JNK inhibition and CXCL10 mRNA expression and stability.
The effects of SP600125 on CXCL10 mRNA production and its stability were determined. Growth-arrested cells were treated with SP600125 (22.7 μM) or vehicle (0.1% vol/vol DMSO) 45 min before and during cytomix stimulation for 3 h. Total RNA was then extracted using the guanidine thiocyanate/phenol chloroform method (8). For mRNA stability studies, after 3 h cytomix stimulation in the presence of SP60125 or its vehicle, the cells were washed, and fresh serum-starving medium containing actinomycin D (5 μg/ml) was added to stop new mRNA synthesis (0 h). Total RNA was harvested after 2-, 4-, 6-, or 24-h incubation and extracted as above. CXCL10 mRNA expression was quantified by real-time PCR.
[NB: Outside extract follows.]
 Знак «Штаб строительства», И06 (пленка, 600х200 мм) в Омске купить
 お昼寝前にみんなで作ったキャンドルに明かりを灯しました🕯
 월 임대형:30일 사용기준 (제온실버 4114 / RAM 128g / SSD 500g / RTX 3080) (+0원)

JNK inhibition, Iκ-Bα degradation, and p65 phosphorylation.
To determine the effects of SP600125 on early events preceding NF-κB nuclear translocation, Iκ-Bα degradation and p65 phosphorylation were examined. Cell lysates were prepared from cytomix-stimulated cells, and Iκ-Bα and phosphorylated p65 bands were detected and quantified as described above.
Simultaneous inhibition of JNK and NF-κB.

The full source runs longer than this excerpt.